A framework for responsible, auditable GenAI at scale

Scaling enterprise Generative AI (GenAI) demands more than speed. In regulated, high-stakes workflows, organizations need transparency into how outputs are produced, controls that shape behavior, and clear human accountability for final decisions. As part of 10X Analyst, a Deloitte and Amazon Web Services (AWS) platform for financial services, our "defensive UX" framework addresses these gaps by making AI workflows more transparent, reviewable, and auditable, helping teams reduce risk while building trust in AI-assisted work.

Key takeaways

  • Scale GenAI with transparency, not invisibility
  • Make outputs traceable and easier to verify
  • Give users more control over AI inputs
  • Use guardrails to reduce policy and risk issues
  • Add confidence signals before decisions are made
  • Keep humans accountable at critical moments

 

Responsible GenAI starts with defensive UX

Defensive UX is a human-AI interaction model that turns UX into a control layer for enterprise GenAI governance.
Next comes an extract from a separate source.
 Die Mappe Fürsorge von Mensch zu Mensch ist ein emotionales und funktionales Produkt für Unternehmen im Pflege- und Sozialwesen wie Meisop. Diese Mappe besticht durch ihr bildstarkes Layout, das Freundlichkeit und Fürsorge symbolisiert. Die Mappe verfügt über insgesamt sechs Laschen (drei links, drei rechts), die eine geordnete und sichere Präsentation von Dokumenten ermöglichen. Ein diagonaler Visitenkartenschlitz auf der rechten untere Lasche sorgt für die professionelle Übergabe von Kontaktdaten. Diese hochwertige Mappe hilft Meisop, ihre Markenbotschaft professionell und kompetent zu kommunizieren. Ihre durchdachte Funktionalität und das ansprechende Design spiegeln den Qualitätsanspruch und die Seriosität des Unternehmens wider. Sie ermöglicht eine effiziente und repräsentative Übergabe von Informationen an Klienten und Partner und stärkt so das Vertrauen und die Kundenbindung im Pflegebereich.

Through six patterns spanning context, transparency, controls, comparison, confidence, and oversight, defensive UX makes AI visible, reviewable, and easier to verify, resulting in a more auditable workflow that helps organizations scale GenAI with stronger trust, accountability, and risk management.

Context engineering
Helps users and systems shape LLM inputs with the needed background, rules, and parameters, making outputs more accurate, transparent, controllable, and easier to refine.

Citations with verifications
Transparency shows where an AI answer came from, how the model got there, and how confident the model is in that answer, so people can decide what to trust.
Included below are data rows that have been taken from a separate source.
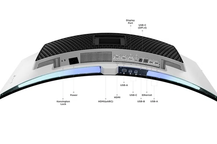 Interestingly, though, Lenovo is also emphasising some of the ports on the back of the monitor. That’s because the 34WD-10 houses a USB-C port capable of output, capped at 140W, if you need to charge a laptop or phone. There’s also a USB hub at the back with three USB-A and two USB-C ports, and a RJ45 port for 2.5G Ethernet passthrough.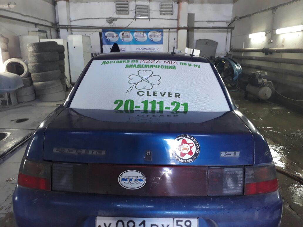 Полноцветная наклейка перфорированная на заднее стекло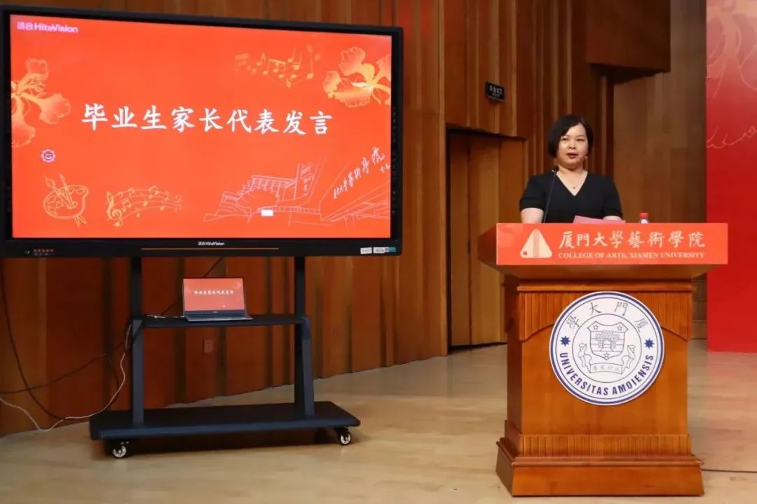 音乐系本科生沈斯涵同学的母亲陈艺珍女士作为家长代表发言。陈女士对乐动(中国)各位老师的悉心指导与培养表达感谢,对同学们顺利毕业表示由衷的祝福。作为长辈,她希望毕业生们用真心感受生活,在顺境中趁势而为,在逆境中破浪前行。

Trusted prompts and guardrails
Tiered prompt controls combine tested libraries, access rules, and guardrails to reduce errors, flag risky outputs, and preserve flexibility for edge cases.

Regeneration of responses
Comparison tools let users test, refine, and validate AI outputs across versions and models, making results easier to evaluate, improve, and trust.
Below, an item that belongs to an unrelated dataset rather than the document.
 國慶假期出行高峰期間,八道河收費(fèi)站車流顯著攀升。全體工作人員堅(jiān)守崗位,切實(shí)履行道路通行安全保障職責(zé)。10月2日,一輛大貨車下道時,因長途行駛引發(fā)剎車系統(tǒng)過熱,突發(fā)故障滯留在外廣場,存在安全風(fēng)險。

Confidence scores and LLM as judge
Confidence tools rate AI outputs for accuracy, relevance, and completeness, helping users see which answers to trust and which need closer review.

Human in the loop
Human oversight adds review, escalation, feedback, and analytics so AI supports expert judgment, improves over time, and stays accountable.
 

Build trustworthy GenAI through defensive UX

Read our full report on responsible enterprise GenAI and learn how to design for greater auditability, trust, and control.

A safer path to enterprise GenAI at scale

Scaling GenAI responsibly requires more than faster answers. It requires workflows that users can inspect, challenge, and defend. Defensive UX meets that need by turning UX into a control layer for transparency, governance, and human oversight. The result is a more auditable, trustworthy, and production-ready approach to enterprise GenAI adoption.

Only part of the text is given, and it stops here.